Irgendwann hat man natürlich einen Basissatz an guten Schnitten parat, allerdings ist dies meine erste umfangreich erscheinende Kollektion in diversen Größen, da muss ich alles neu machen.

soft pink hibiscus bra
soft pink hibiscus bra by Lost in Wonderland

In welchem Größenspektrum darf man sich auf Lost in Wonderland freuen???

Erstmal nur in den Standardgrößen. Also nicht über D.

Ich plane, mit Lost in Wonderland auch große Cups anzubieten, jedoch haben diese andre Ansprüche und damit die BHs dann auch wirklich gut sitzen, lasse ich mir lieber Zeit.

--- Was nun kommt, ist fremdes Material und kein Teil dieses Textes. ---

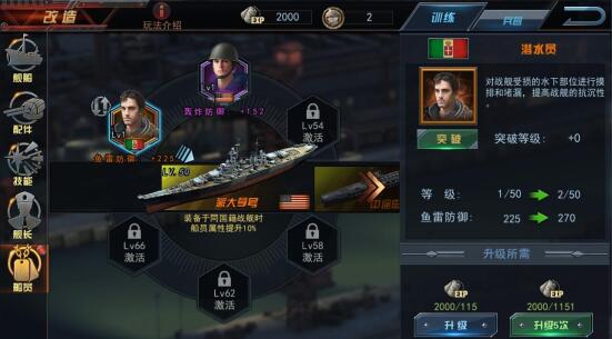 3、消耗船员经验升级可以提升属性,橙色船员可以消耗老兵勋章突破,突破后提高等级上限和属性成长,已经升级和突破的船员解雇后会返回全部的升级、突破材料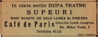 Reclamă – Domeniul HORECA – Cafenea Cafe De Paris – București

Wie schwierig ist es, Luxus Wäsche vegan herzustellen? Du wirst wahrscheinlich keine Seide verwenden, welche Stoffe stehen dir da zur Verfügung, worauf möchtest du komplett verzichten?

Ich sehe weniger ein Problem darin Luxuswäsche ohne Seide herzustellen, als das Problem, dass von den meisten Frauen Seidenwäsche mit Luxus assoziiert wird.

Seide ist ein sehr schönes Material mit einer sehr angenehmen Haptik, kein Frage. Allerdings ist Seide aus meiner Sicht kein ideales Wäschematerial. Um nur Stichworte zu nennen: Elastizität, Herstellung (Seidenspinner), Langliebigkeit.

Das Lost in Wonderland- Konzept beruht darauf, dass die Dessous auch alltagstauglich sind. Natürlich bin ich mir bewusst, dass ein reiner Spitzen-BH einer großen und somit schweren Brust nicht dauerhaft perfekten halt bietet, deswegen gibt es auch nur ein solches Modell in der Kollektion. Und wenn man ihn zwischendurch vorsichtig wäscht, erholt sich Material auch wieder.

Ich persönlich mag als Wäschematerial gerne feine Gemische aus Polyamid und Elasthan. Die sind leider nicht wesentlich preiswerter als Seide, wenn man eine gute und leichte Stoffqualität voraussetzt, auch wenn dieses Vorurteil synthetischen Materialein anhaftet.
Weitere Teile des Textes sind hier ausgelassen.